"There is insufficient evidence to support the efficacy of any intervention to prevent or treat cancer … "
This is likely the message we would be hearing from a panel of experts if the resources invested in the study of cancer were on par with those invested to date in the prevention of Alzheimer's disease.
The pessimistic findings announced last week by the National Institutes of Health, State-of-the-Science Conference: Preventing Alzheimer's Disease and Cognitive Decline, speak more to an ongoing lack of focus on Alzheimer's prevention than to an actual dearth of promising preventive strategies.
The panel was convened for the right reasons. We know that Alzheimer's disease presents a looming health crisis.
More than 5 million people in the U.S. alone suffer from this devastating disease and that number is expected to skyrocket as baby boomers rapidly join the ranks of the over 65.
We also know that Alzheimer's disease is preventable. The brain is flesh and blood just like the rest of the body. It is an organ just like the heart, and as an organ, it needs adequate blood flow, oxygen, nutrition, energy, and exercise to remain healthy and strong.
For many years it has been known that the amounts of fat, and certain vitamins such as vitamin C and vitamin E, were important for optimal brain function. Moreover, research has revealed that people who exercise on a regular basis have less memory loss, and that chronic stress leads to cognitive decline. Recent research also tells us our cholesterol level is important for our brain just as it is for our heart.
The tragedy has been the lack of focus on, and research dollars directed to, effectively evaluating interventions to prevent this horrific disease.
When I began working toward preventing Alzheimer's disease in 1993, my ideas were ridiculed and met with hostility by many of my medical colleagues.
As one of the first voices to speak about the notion of preventing Alzheimer's disease, I consider it a personal victory that this NIH panel was even convened. It is proof that modern medical thought is finally catching up.
Now, we must heed the grave warning implicit in the panel's findings. If we do not invest significantly in designing a research program to prevent Alzheimer's disease, millions upon millions of people will slowly be lost and ultimately die because we did not do enough.
I am convinced that no single drug or intervention will ever prevent or cure Alzheimer's disease.
The only effective way that I have found to combat this disease is to apply an integrative prevention and treatment program. An integrative program is one that combines certain pharmaceutical medications with dietary supplementation, nutritional therapy, physical and cognitive exercise, stress management and mind-body therapy.

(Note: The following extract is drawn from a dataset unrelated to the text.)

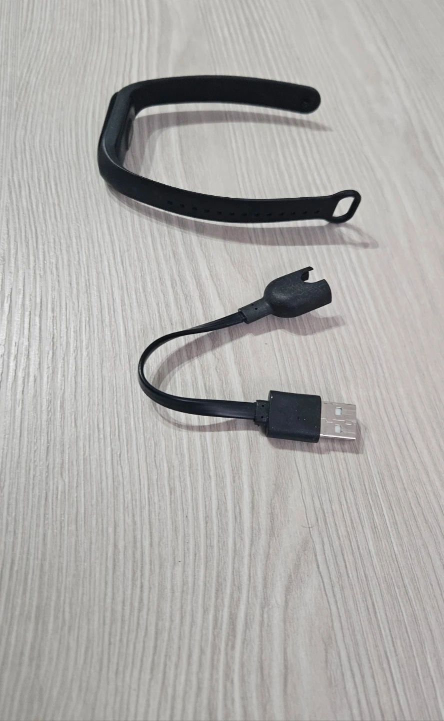 This listing is for a black Xiamo Fitness Band Version 3, along with its USB charging cable. The strap is made of flexible material, suitable for daily wear. The charger cable connects via USB for convenient power-ups.

Despite the dismal prognosis from these government scientists, promising evidence of preventive strategies abound.
For instance, the Alzheimer's Research and Prevention Foundation recently announced the results of a pilot study that are published in the Journal of Alzheimer's Disease.
The study shows that a simple 12-minute daily meditation improved cognition and increased blood flow in the brains of people with memory loss.
We must stop focusing exclusively on finding a single magic bullet for Alzheimer's prevention, and instead commit significant resources to designing large-scale trials to identify the constellation of interventions that will effectively prevent Alzheimer's disease.